Bu amaçla 23 Nisan 2022’de yani TBMM’nin açılışının 102. yıl dönümünde Ankara’da bir büyük buluşma gerçekleştirdik. 135 şubemizin ve 50’ye yakın şubemizin de bireysel katılımıyla yaklaşık 10 binden fazla ADD üyesiyle buluştuk. Orada Yeniden Atatürk Cumhuriyeti Manifestosu yayınladık. ADD olarak biz ülkemize nasıl bakıyoruz. Yeni bir seçime giderken nasıl bir Türkiye Cumhuriyeti yönetimi nasıl olmalıdır dediğimiz bu. Orada belirtmeye çalıştığımız şu.

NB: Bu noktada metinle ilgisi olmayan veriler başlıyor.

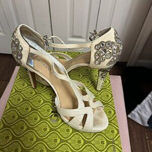 Gianni Bini designer model Geneva, color white US Size 7.5. Worn only once for my wedding. See photos for minor wear on soles and insoles.
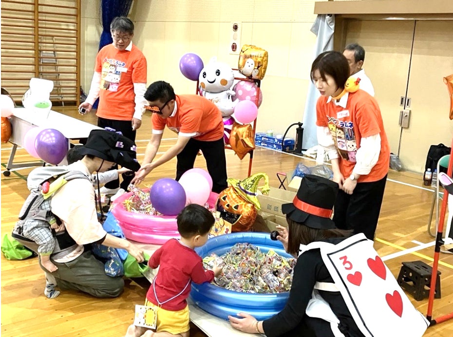 イベントでは5社それぞれのブースをめぐり、お菓子を獲得するゲームに参加。会場はたくさんの笑い声とお菓子を手にした子どもたちの嬉しそうな笑顔があふれ、なごやかな雰囲気に包まれました。朝早くから準備に駆け付けた運営スタッフも、子どもたちの笑顔に大きなエネルギーをもらいました。

Sadece Konya ve Karaman ovalarının yıllık buğday üretimi Türkiye’nin yıllık buğday ihtiyacını karşılayabilecekken geçen yıl Türkiye 8.5 milyon buğday ithal etti. Oysa bizim çiftçimiz taban gübresi kullanamadı ve muhtemelen rekolte biraz daha düşecek. Hayvancılık bitti. Son bir içinde Türkiye’den 900 bin doktor dünyanın çeşitli ülkelerine göç etti.
20’li yaşlardaki genç insanların yüzde 72’si geleceğini yurt dışında arıyor. Bu tablo her türlü siyasetin üstünde. Bu tablo ülkenin genel sorunudur. Geçmiş dönemlerde kendi şekerini, kağıdını, tekstilini, demirini, uçağını, gemisini, tüfeğini üreten bir ülke iken bugün neden dışa bağımlı bir ülke konumuna geldik bunu düşünmemiz gerekir. Sen elindeki tesisleri özelleştirip satarsan faizlerde, enflasyonda yükselir. Enflasyonla mücadelenin bir tane yolu var oda üretimi artırmaktır. Peki kim artıracak üretimi tabi ki bu millet. Bu millet 1923’de Cumhuriyeti kurup 26’da uçak üretebilmişken, 1923’de ekmeklik buğdayı yokken 1930’larda buğday ihraç eden ülke durumuna gelebilmişken 1923’de aşısı, ilacı yokken, 1938’de Çin’e 1 milyon doz kolera aşısı hibe edecek kadar kendi aşısını ve ilacını üretebilen bir ülke olmuşken bugün neden yapamıyor. Türk milletinin genetiği mi değişti hayır tamamen yönetim zaafı.
Sokaktaki her 3 gençten biri işsiz. Bunun önüne geçebilmek için yeniden yüksek teknolojili ürün üretmeye odaklanmış karma üretim ekonomisine geçmeliyiz. Bunun başka yolu yok. Stratejik sektörlerde asla özelleştirme yapmamalıyız” dedi.